## Material provided
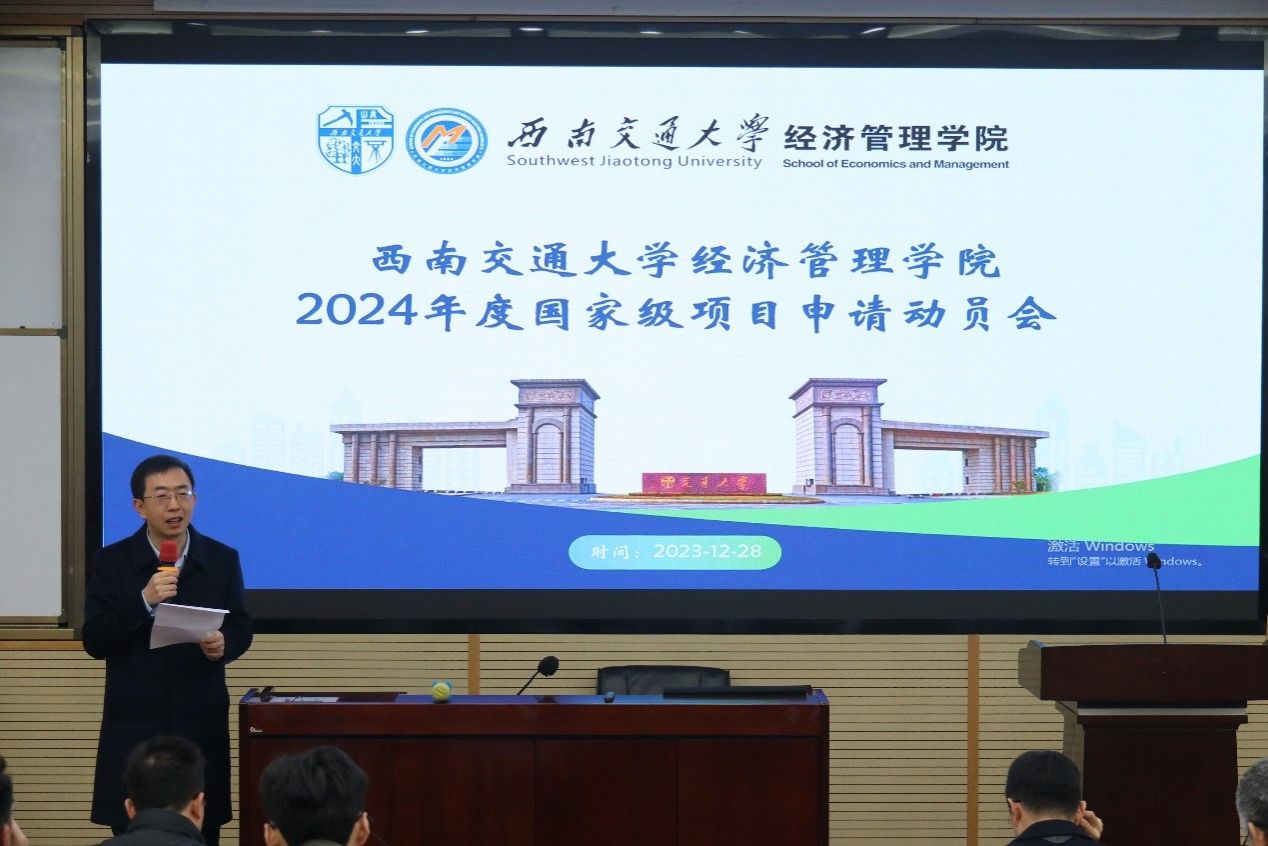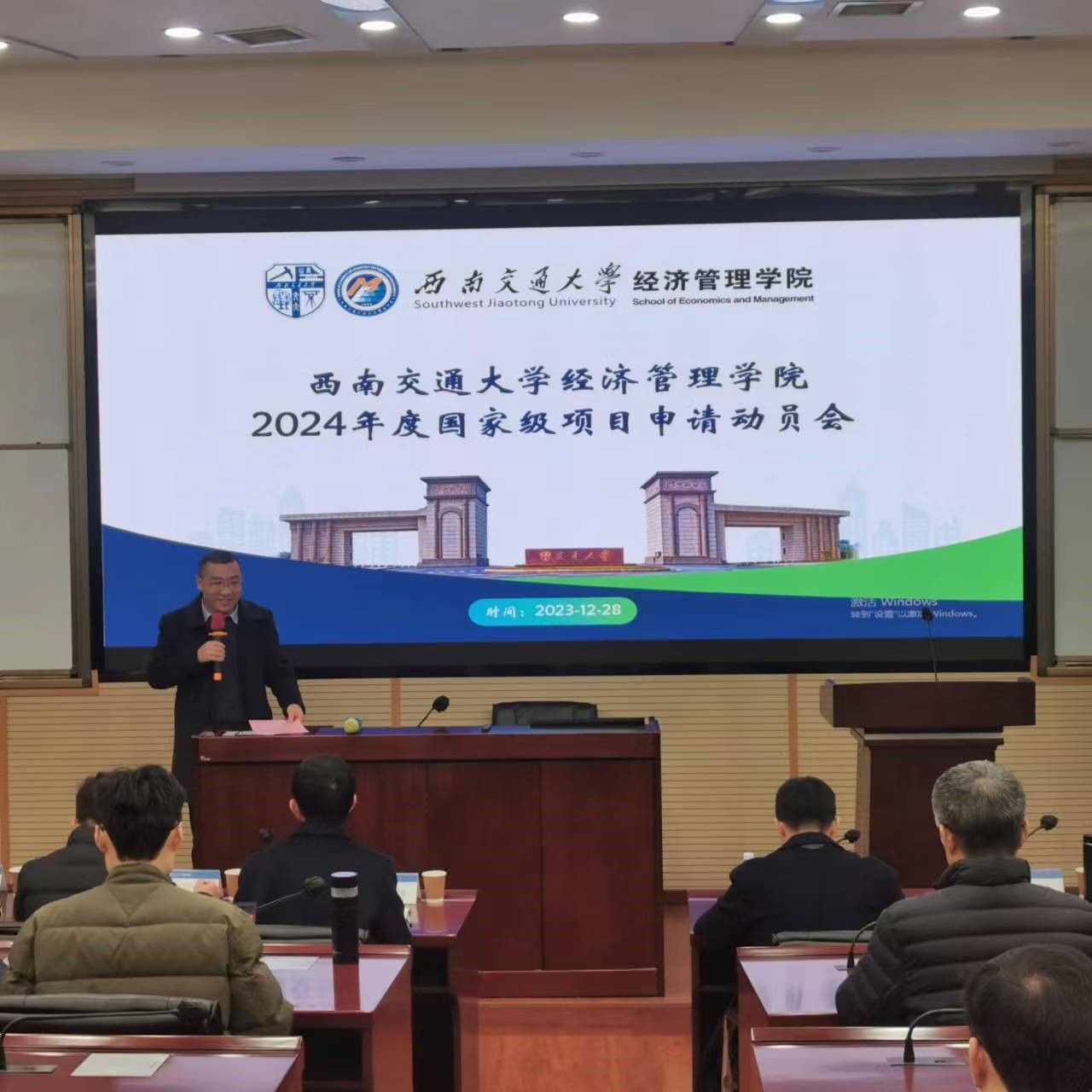 2023年12月28日,球王会体育召开了2024年度国家级项目申报动员会。学院特邀文科学部副主任兼文科处处长李华强、科学技术发展研究院副院长马霖、科研院基础研究管理部基金人才办公室科长刘海龙出席。动员会由球王会体育副院长聂佳佳主持,金融与财务学系教授黄登仕、高增安老师分享了申报自科基金、社科基金的经验,韩科院长做总结发言。全院40余名师生参加了此次动员会。
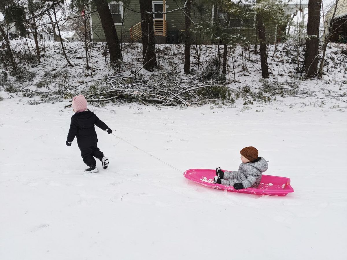 And today, we played with some friends outside in the snow, sledding for the first time (for Cooper) and the first time for me since college, I think. Even on a cloudy day, the snow brightens things.
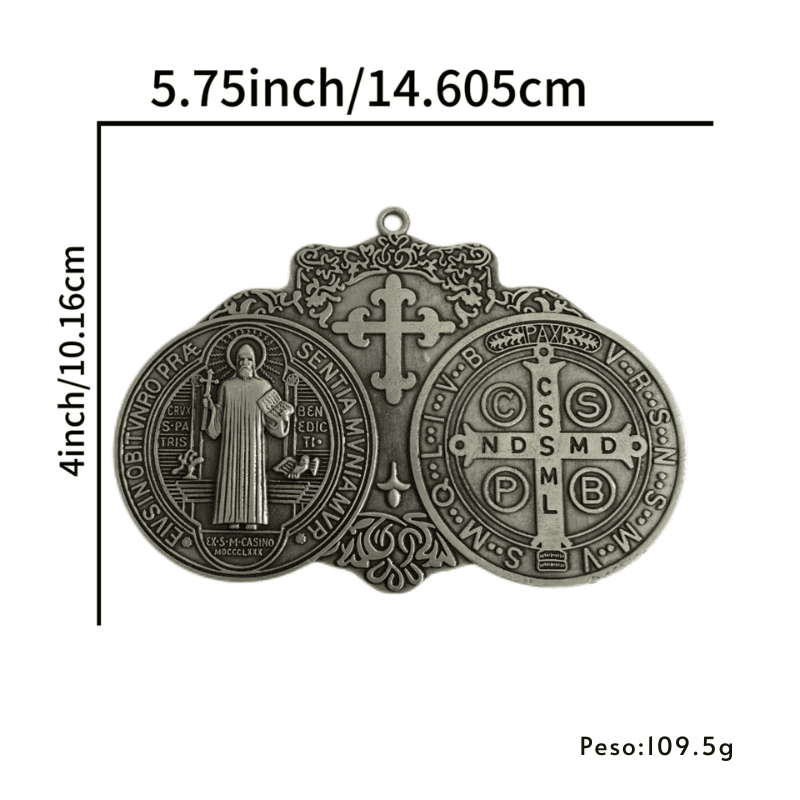 Esta medalla de San Benito presenta un acabado vintage en tono bronce, ideal para colgar en la pared o colocar sobre una mesa o altar.

## Task instructions
Retype the material in full, exactly as written, and exclude the pictures.

## Exercise solution
 2023年12月28日,球王会体育召开了2024年度国家级项目申报动员会。学院特邀文科学部副主任兼文科处处长李华强、科学技术发展研究院副院长马霖、科研院基础研究管理部基金人才办公室科长刘海龙出席。动员会由球王会体育副院长聂佳佳主持,金融与财务学系教授黄登仕、高增安老师分享了申报自科基金、社科基金的经验,韩科院长做总结发言。全院40余名师生参加了此次动员会。
 And today, we played with some friends outside in the snow, sledding for the first time (for Cooper) and the first time for me since college, I think. Even on a cloudy day, the snow brightens things.
 Esta medalla de San Benito presenta un acabado vintage en tono bronce, ideal para colgar en la pared o colocar sobre una mesa o altar.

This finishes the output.